Thursday, 5 April 2018

Thinking Small

Sitting in the bay window I can see huge ships, hillsides and an expanse of water that - if I stand up and look over to the southeast and past the small strip of land that connects Pendennis with the rest of Falmouth - seems to go on forever.

From this viewpoint, you can see people strolling arm in arm down the pier, the homeless person who has taken up residence outside an old shop, and people meandering up and down the main street, some with a purpose others not.

I can see this as I sit here in the old, worn leather arm chair with my back to another bay window.

Logic tells me that if I look out of any other window in the house, I will also see people milling about or going about their day to day chores. Perhaps I could see someone enjoying an afternoon drink in a pub, or a pasty on one of the benches on the moor. Expand my imagination and I might be able to imagine people walking their dogs up by the castle, or eating ice cream on the beach. The thing is, when I stop trying to imagine them, then those people retreat to the shadows of my imagination.

As humans, we are limited to the senses that we experience and, although we do have the power of imagination, we can not sustain or truly grasp the immensity of what is life.

In the square mile around me there might be a few hundred, a thousand (maybe) people going about their own lives.

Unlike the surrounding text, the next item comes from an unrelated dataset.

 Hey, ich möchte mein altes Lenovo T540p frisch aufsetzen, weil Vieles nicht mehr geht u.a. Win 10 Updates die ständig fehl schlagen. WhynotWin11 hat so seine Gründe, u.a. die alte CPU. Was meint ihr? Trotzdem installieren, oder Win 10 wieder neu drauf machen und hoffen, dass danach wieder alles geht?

There are seagulls, cats, dogs, pigeons to whatever numbers... And then we have potentially millions of insects, and then billions of bacteria. Unimaginable.

Humans think small.

Our brain receives the information but it only processes some of it.

This focus on the small stuff makes it easier to pass a £25,000 item through a business budget than getting just £500 for a laptop. (I used to work in IT. It was easier to get a full server system than it was to replace a broken P.C.).

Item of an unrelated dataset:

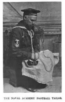 The Naval Academy's football program is one of the nation's oldest, with its history dating back to 1879.[4] There were two separate efforts to establish a Naval Academy football team in 1879. The first was guided by first-classman J.H. Robinson, who developed it as a training regiment to help keep the school's baseball team in shape. The team played the sport under rules that made it much closer to soccer, where the players were permitted only to kick the ball in order to advance it.[5] The second effort, headed by first-classman William John Maxwell was more successful in its efforts. Maxwell met with two of his friends, Tunstall Smith and Henry Woods, who played for the Baltimore Athletic Club and officially challenged their team to a game with the Naval Academy.[6] A team was formed from academy first-classmen, which Maxwell led as a manager, trainer, and captain. The team would wake up and practice before reveille and following drill and meals. The squad received encouragement from some of the faculty, who allowed them to eat a late dinner and skip final drill for additional practicing. This was against the direct orders of the school superintendent, who had banned football and similar activities.[6][7]

The mind is biased towards the small details and petty items that it can properly grasp onto.

It is said that problems always seem so big until you imagine looking down on yourself from up in space - that it can give you the perspective that things aren't as big as you think.

The only real question is: if we are predestined to think small, perhaps the only real choice that we have is how small minded we decide to let ourselves be.